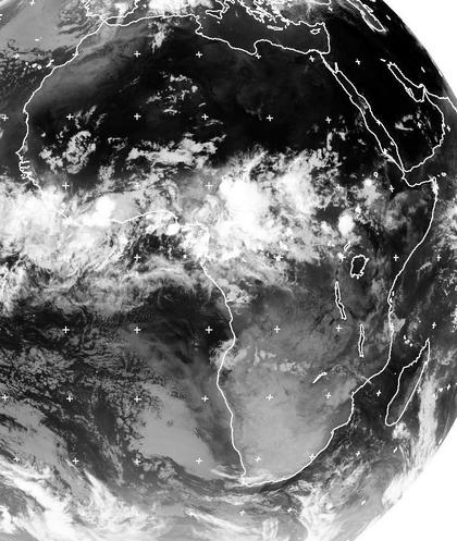 Weite Teile des afrikanischen Kontinents weisen keine Bewölkung auf. Lediglich in seiner Mitte, meist nördlich des Äquators erkennt man die Bewölkung von tropischen Schauern und Gewittern. Im Süden, im Norden und auch an der Küste des Indischen Ozeans ist es dagegen gering bewölkt und trocken. (Bildquelle: NERC Satellite Receiving Station, Dundee University, Scotland, http://www.sat.dundee.ac.uk/)
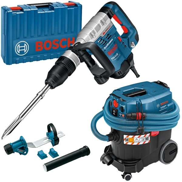 | Set de livrare | 1 x Bosch - GSH 5 CE - Demolator SDS-Max, 1150 W, 8.3 J, valiza plastic, accesorii Valiza profesionala Maner suplimentar Dalta ascutita 400 mm Laveta pentru masina Tub de unsoare 1 x Bosch - GDE MAX - Adaptor aspirare scule electrice, GSH 5 CE, GSH 7 VC, GSH 11 VC; GBH 5-40 DCE, GBH 7-46 DE, GBH 8-45 DV, GBH 11 DE 1 x Bosch - GAS 35 M AFC - Aspirator umed-uscat, 1200 W, 254 mbar, 35 l, priza scule electrice 1 x filtru-burduf plat PES 3 tuburi de aspirare placate cu crom, cu lungimea de 0,35 m si diametrul de 35 mm Duza pentru rosturi Furtun antistatic cu lungimea de 5 m si diametrul de 35 mm, cu adaptor pentru scula electrica Racord cotit Sac de eliminare Set duze pentru podea |
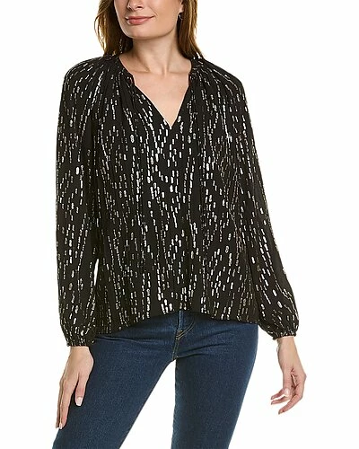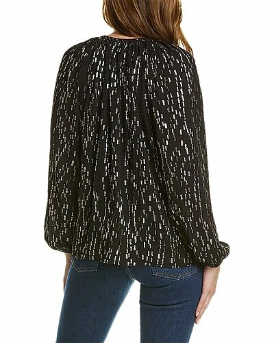 - Wirth Top in black with shirred neckline and elasticized cuffs

• • • •

- **To do**:
Provide the listing above once more, exactly, with the pictures removed.

- **Exercise solution**:
 Weite Teile des afrikanischen Kontinents weisen keine Bewölkung auf. Lediglich in seiner Mitte, meist nördlich des Äquators erkennt man die Bewölkung von tropischen Schauern und Gewittern. Im Süden, im Norden und auch an der Küste des Indischen Ozeans ist es dagegen gering bewölkt und trocken. (Bildquelle: NERC Satellite Receiving Station, Dundee University, Scotland, http://www.sat.dundee.ac.uk/)
 | Set de livrare | 1 x Bosch - GSH 5 CE - Demolator SDS-Max, 1150 W, 8.3 J, valiza plastic, accesorii Valiza profesionala Maner suplimentar Dalta ascutita 400 mm Laveta pentru masina Tub de unsoare 1 x Bosch - GDE MAX - Adaptor aspirare scule electrice, GSH 5 CE, GSH 7 VC, GSH 11 VC; GBH 5-40 DCE, GBH 7-46 DE, GBH 8-45 DV, GBH 11 DE 1 x Bosch - GAS 35 M AFC - Aspirator umed-uscat, 1200 W, 254 mbar, 35 l, priza scule electrice 1 x filtru-burduf plat PES 3 tuburi de aspirare placate cu crom, cu lungimea de 0,35 m si diametrul de 35 mm Duza pentru rosturi Furtun antistatic cu lungimea de 5 m si diametrul de 35 mm, cu adaptor pentru scula electrica Racord cotit Sac de eliminare Set duze pentru podea |
 - Wirth Top in black with shirred neckline and elasticized cuffs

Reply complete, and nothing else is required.